** BRIEF **
Would you restate the entries below word for word, leaving out the images?

** RAW DATA **
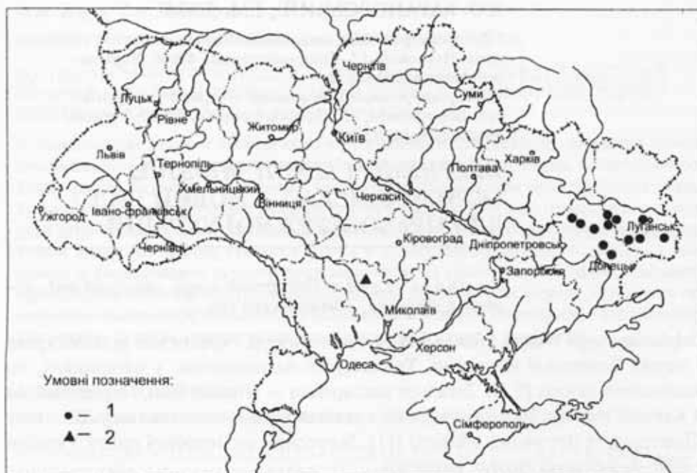
Рис. 1. Ареал розповсюдження Delphinium sergii Wissjul.: 1 — місцезнаходження за літературними даними; 2 — нове місцезнаходження
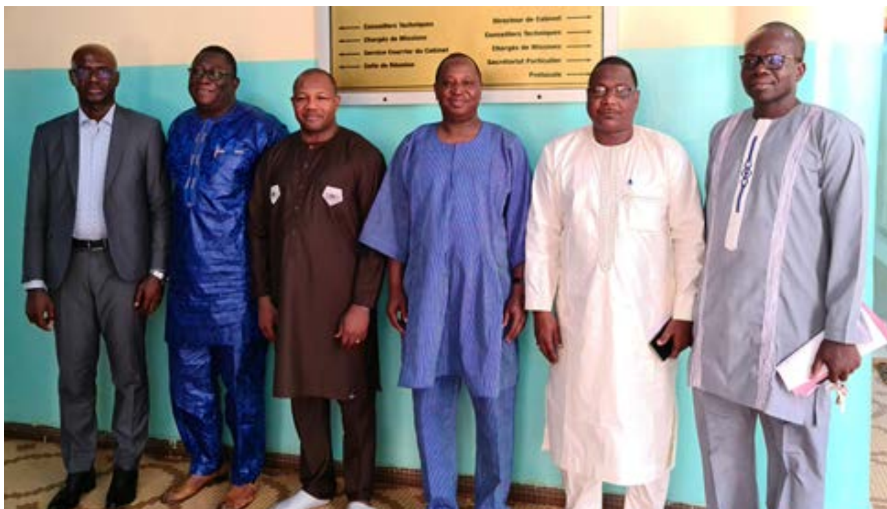
Photo de famille de la délégation du Secrétaire Général du CAMES avec le Ministre de l'Enseignement Supérieur, de la Recherche et de l'Innovation du Burkina Faso et ses collaborateurs.
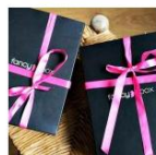
Fancybox Chile. Por fin el fenómeno de las beauty boxes aterrizó en nuestro país
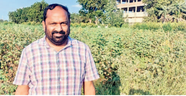
పరకాల: వస్తే ఎన్నికల్లో కాంగ్రెస్ మాయమాటలు చెప్పి రైతులను మోసం చేసేందుకు కుట్ర చేస్తోంది
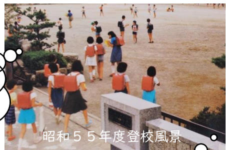
昭和55年度登校風景
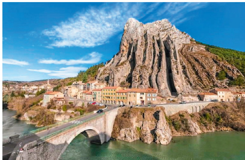
Sisteron ist bekannt als «Tor zur Provence».
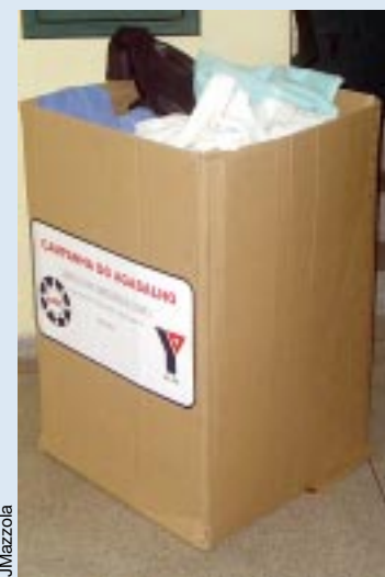
Caixa de arrecadação de agasalhos
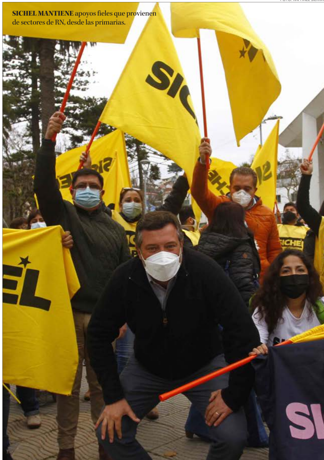
SICHEL MANTIENE apoyos fieles que provienen de sectores de RN, desde las primarias.

Las encuestas, cambios de opinión del postulante y otras situaciones han hecho que los postulantes de la zona no quieran figurar con él y prefieran aparecer solos. En los partidos esto no genera mayor problema y afirman estar cohesionados.
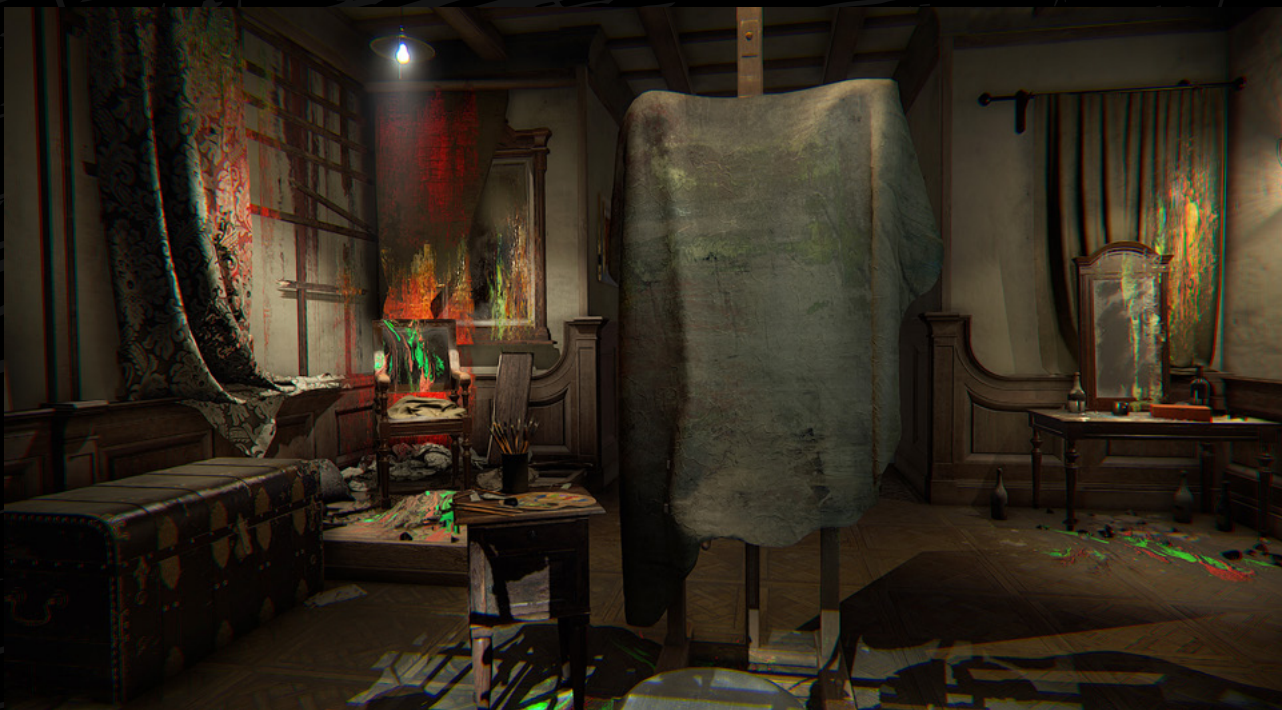
Layers of Fear
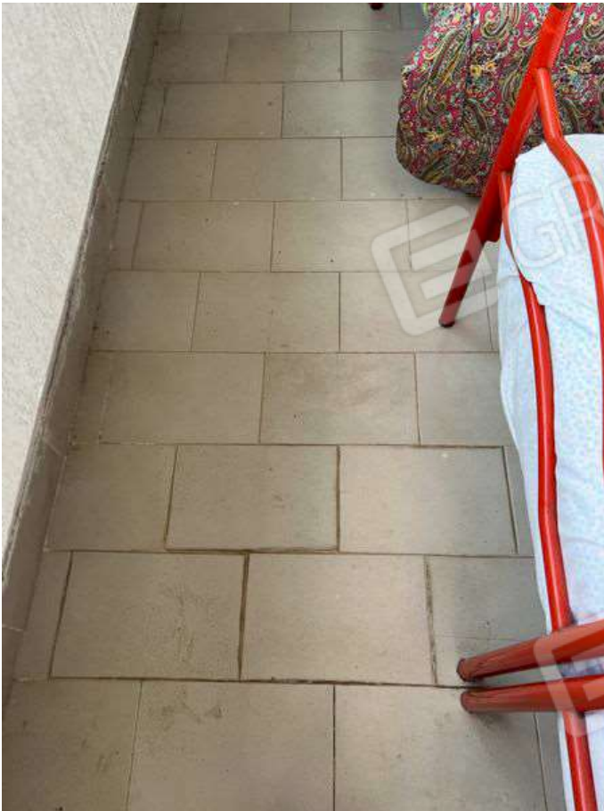
Foto 19 - Particolare degrado delle rifiniture nella veranda a piano secondo
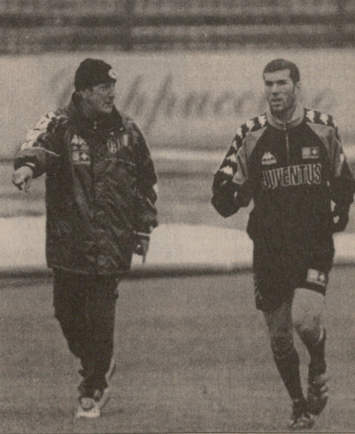
მარჩელო ლიპის და ზინედინ ზიდანს სტამბოლში წასვლა არ სურთ

ბრაზილიელი მწვრთნელი კარლოს ალბერტო პარეირა, რომლის თავიანთობაც 1994 წელს ბრაზილიის ნაკრები მსოფლიოს ჩემპიონი გახდა, შესაძლოა, სამხრეთ აფრიკის ეროვნულ გუნდს ჩაუდგეს სათავეში. იგი ახლაც იოჰანესბურგში იმყოფება ფეხბურთის ფედერაციის წარმომადგენლებთან მოსალაპარაკებლად. სააგენტო „როიტრის“ ჟურნალისტს მან შემდეგი განუცხადა: „უახლოეს დღეებში შინ დავბრუნდები და კარგად გავაანალიზებ ყველაფერს. სასურველია შესაძლებელია ამ საქმეს ხელი მოვიკიდო, ვინაიდან დიდი ხანია, ვაკვირდები აქაურ ფეხბურთელებს და მათში დიდი პოტენციალი დავინახე უბრალოდ, მათ გამოცდილება აკლიათ.“ სამხრეთ აფრიკის ნაკრების მთავარი მწვრთნელის პოსტიდან ფილიპ ტრუსიეს წასვლის შემდეგ ქვეყნის ფეხბურთის ფედერაციამ მრავალი კანდიდატურა განიხილა, მაგრამ პარეირას ვიზიტის შემდეგ უპირატესობა ამ უკანასკნელს მანიჭა. ყველაფერი უახლოეს მომავალში გაირკვევა.

** OUTPUT FOR THIS TASK **
Рис. 1. Ареал розповсюдження Delphinium sergii Wissjul.: 1 — місцезнаходження за літературними даними; 2 — нове місцезнаходження
Photo de famille de la délégation du Secrétaire Général du CAMES avec le Ministre de l'Enseignement Supérieur, de la Recherche et de l'Innovation du Burkina Faso et ses collaborateurs.
Fancybox Chile. Por fin el fenómeno de las beauty boxes aterrizó en nuestro país
పరకాల: వస్తే ఎన్నికల్లో కాంగ్రెస్ మాయమాటలు చెప్పి రైతులను మోసం చేసేందుకు కుట్ర చేస్తోంది
昭和55年度登校風景
Sisteron ist bekannt als «Tor zur Provence».
Caixa de arrecadação de agasalhos
SICHEL MANTIENE apoyos fieles que provienen de sectores de RN, desde las primarias.

Las encuestas, cambios de opinión del postulante y otras situaciones han hecho que los postulantes de la zona no quieran figurar con él y prefieran aparecer solos. En los partidos esto no genera mayor problema y afirman estar cohesionados.
Layers of Fear
Foto 19 - Particolare degrado delle rifiniture nella veranda a piano secondo
მარჩელო ლიპის და ზინედინ ზიდანს სტამბოლში წასვლა არ სურთ

ბრაზილიელი მწვრთნელი კარლოს ალბერტო პარეირა, რომლის თავიანთობაც 1994 წელს ბრაზილიის ნაკრები მსოფლიოს ჩემპიონი გახდა, შესაძლოა, სამხრეთ აფრიკის ეროვნულ გუნდს ჩაუდგეს სათავეში. იგი ახლაც იოჰანესბურგში იმყოფება ფეხბურთის ფედერაციის წარმომადგენლებთან მოსალაპარაკებლად. სააგენტო „როიტრის“ ჟურნალისტს მან შემდეგი განუცხადა: „უახლოეს დღეებში შინ დავბრუნდები და კარგად გავაანალიზებ ყველაფერს. სასურველია შესაძლებელია ამ საქმეს ხელი მოვიკიდო, ვინაიდან დიდი ხანია, ვაკვირდები აქაურ ფეხბურთელებს და მათში დიდი პოტენციალი დავინახე უბრალოდ, მათ გამოცდილება აკლიათ.“ სამხრეთ აფრიკის ნაკრების მთავარი მწვრთნელის პოსტიდან ფილიპ ტრუსიეს წასვლის შემდეგ ქვეყნის ფეხბურთის ფედერაციამ მრავალი კანდიდატურა განიხილა, მაგრამ პარეირას ვიზიტის შემდეგ უპირატესობა ამ უკანასკნელს მანიჭა. ყველაფერი უახლოეს მომავალში გაირკვევა.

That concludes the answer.